Is this simply a case of a broader embrace of an oversharing, extremely transparent lifestyle among a group that came of age in a landscape saturated by social media? Could be. But we argue for a different interpretation. Combined with their strong support for organized labor and willingness to vote for socialist political candidates, we contend that millennials’ rejection of pay secrecy rules reflects a set of workplace dynamics that our youngest workers recognize as fundamentally broken.

The American dream already eluded millennials of color. Then came the coronavirus.

The basic underpinnings of the “normative employment contract,” as the sociologist Beth Rubin has termed it, that structured labor markets when past generations began their careers have eroded. Millennials entered the labor force during a period marked by stagnant pay, precarious employment, and a general shifting of market risk downward from firms to employees. The oldest millennials began their careers too late to enjoy the late-1990s economic expansion, and instead saw their incomes fall during the “lost decade” of the aughts. The youngest, meanwhile, finished schooling and embarked on careers during the onset of the Great Recession, with many struggling to gain a firm grip on a middle-class lifestyle during the uneven and prolonged recovery. As a result, millennials have lower earnings and less wealth than older generations did when they were of the same age. And, of course, young adults trying to enter the workforce today confront unemployment rates unrivaled since the Great Depression.
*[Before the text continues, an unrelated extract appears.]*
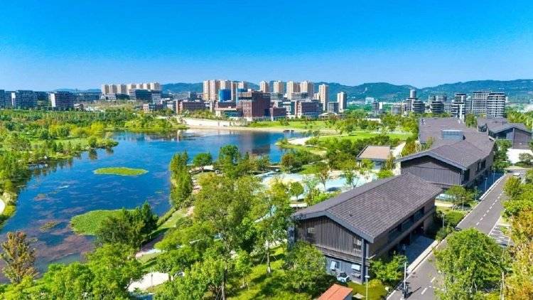 8月20日,永川区兴龙湖片区蓝天白云,水清岸绿,景美如画(无人机照片)。特约摄影 陈仕川

These broader economic trends may have created ripe conditions for younger workers to challenge long-standing workplace norms. One of these is the general prescription against talking about pay, a norm that reinforces common employer rules punishing violators who deign to disclose their own or ask about their colleagues’ pay stub. It’s an outdated norm and unfair violation of our freedom of speech that penalizes women and lowers all workers’ leverage when negotiating for a fairer share of company resources. You won’t ask for a raise that you deserve if you don’t know and can’t find out that you’re being underpaid.

Whether it’s gag orders barring workers from sharing their covid-19 concerns, or rules against asking colleagues about their pay, it turns out that when we’re at work — whatever that means these days — we’re expected to keep our mouths shut. Back in 2014, President Barack Obama proclaimed, “Pay secrecy fosters discrimination, and we should not tolerate it.” Six years on, millions of us are still tolerating it, whether out of our own reluctance to violate the salary taboo, our employer’s policy against discussing pay, or some combination of the two. This Labor Day, let’s listen to our young colleagues and reject workplace speech restrictions that imperil our health and prevent us from receiving what’s rightfully ours.